Lambert's rise up the depth chart didn't happen as quickly as many had hoped, but Irish fans forget that Lambert still has three years of eligibility remaining at Notre Dame. Lambert red-shirting his freshmen season could be one of the best things to happen to Irish football in quite some time considering the Irish will likely lose three out of four starters in the secondary after this season.

But the talented junior admits it hasn't come easy for him to put himself in the position he's in right now.

"It was a really big learning experience the last two years, but at the same time, it's kind of the same cycle you go through when you're a freshman coming into high school," he said. "A lot of cases you were the star player on your Pop Warner team, then you go to high school where you're amongst a new group of people and you have to re-establish yourself. I think I'm at that turning point right now."
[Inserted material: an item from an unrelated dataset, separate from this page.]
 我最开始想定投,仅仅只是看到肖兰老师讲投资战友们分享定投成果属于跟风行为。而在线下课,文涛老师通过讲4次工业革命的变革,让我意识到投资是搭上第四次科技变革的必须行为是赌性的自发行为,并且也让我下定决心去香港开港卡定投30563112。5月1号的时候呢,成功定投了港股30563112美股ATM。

Lambert started to get to that turning point late in the season in 2005 and during this past spring when you started to see the Oxnard, Calif. native inserted into the defense as the fifth or nickel back.
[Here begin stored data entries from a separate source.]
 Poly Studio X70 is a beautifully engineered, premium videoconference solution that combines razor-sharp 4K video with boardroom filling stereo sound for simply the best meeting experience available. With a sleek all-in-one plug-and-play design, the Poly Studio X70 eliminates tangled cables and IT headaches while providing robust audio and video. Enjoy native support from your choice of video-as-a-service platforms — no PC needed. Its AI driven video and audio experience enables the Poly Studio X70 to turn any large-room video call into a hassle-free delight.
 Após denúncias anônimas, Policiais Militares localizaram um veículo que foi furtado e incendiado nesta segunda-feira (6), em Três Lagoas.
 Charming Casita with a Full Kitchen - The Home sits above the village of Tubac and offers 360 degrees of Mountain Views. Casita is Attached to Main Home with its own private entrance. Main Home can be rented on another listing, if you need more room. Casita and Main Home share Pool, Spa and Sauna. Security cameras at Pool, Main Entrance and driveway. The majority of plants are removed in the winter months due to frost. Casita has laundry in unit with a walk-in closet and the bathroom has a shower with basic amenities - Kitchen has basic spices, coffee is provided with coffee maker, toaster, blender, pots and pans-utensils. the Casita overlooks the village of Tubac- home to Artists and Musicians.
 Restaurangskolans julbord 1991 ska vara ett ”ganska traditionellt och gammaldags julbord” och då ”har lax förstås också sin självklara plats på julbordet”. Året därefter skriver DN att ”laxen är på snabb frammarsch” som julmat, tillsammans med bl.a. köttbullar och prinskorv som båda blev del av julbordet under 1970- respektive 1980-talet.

The former St. Bonaventure high school star played a number of positions in high school including running back, linebacker, safety and corner, and he said that experience actually helped him adjust to his new fulltime position at corner.

"I think it was somewhat hard, but at the same time, not as hard as it would be for somebody else, because I had the opportunity to play a little bit of corner and other positions in high school," Lambert said when asked if not playing corner solely in high school has made it difficult to make the transition to playing the position in college.
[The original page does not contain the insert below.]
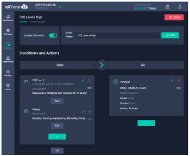 Configuring and modifying automated events to controlling actuators is easy with the IoTPortal’s intuitive zero-code graphical interface

"I guess playing different positions allowed me to learn how to adjust to different schemes. In high school, at any given moment I could be rushing off the edge at defensive end because that's what was needed. The next game, the other team could have a really great receiver and the coach would want me pressing (coverage) all night and I'd end up playing corner all night. It was hard, but I'd been in the position where my position changes and my responsibilities change. It probably wasn't as hard for me in that respect."

Two things have also helped Lambert in getting ready for the field—Irish defensive backs coach Bill Lewis and the Notre Dame receiving corps.

"I think I've really become focused with the details and the mechanics of my position more than I ever have because he puts a big emphasis on that," Lambert said of Lewis. "I think the biggest thing I've learned at my position is what you do does not come natural. You're running backwards. Your body is not made for that so you've always got to train constantly and just work at it so it can become second nature to you and you feel like it's natural. He's been really good in that regard in helping me learn the details of my position and just being able to really focus and being meticulous."

"They've contributed a lot to helping me," Lambert said of the Irish receivers. "Playing against big-time receivers like that, it makes you grow. You know if you shut them down, they're supposed to be some of the best receivers in the country. That means that I could be one the best (defensive backs) in the country—at least you're thinking that in your mind to make you work that much harder."

Before Lambert can be one of the best in the country, he knows he'll have to be one of the best on the team and being just the starting nickel back isn't his goal for this season.

"You always want to avoid complacency," Lambert said. "Nobody would be satisfied until they start otherwise you wouldn't be here. Nickel is good, but it's never going to be enough, and that's for everybody."

At 5-foot-11, 185 pounds, and considered one of the fastest men on the team, No. 20 has a golden opportunity this year to establish himself as a front-line player in the Irish defense this fall, and he says he's had a goal all off-season to do just that.

"It really helps coming into camp knowing exactly what I need to know and knowing how to do it," the film major said. "That was my goal this past spring, to get comfortable within the system and to get comfortable and into a position where I could really contribute to this defense. I can say that after this spring, I've gotten closer to goal. That's what I'm trying to do in this camp. I'm trying to get even closer to that goal."

But as a former below average defensive back, I had to ask Terrail if he felt today's officials let wide receivers get away with too much on Saturdays.

"I guess at times, but then again, I get away with a lot, too," he said with a big laugh.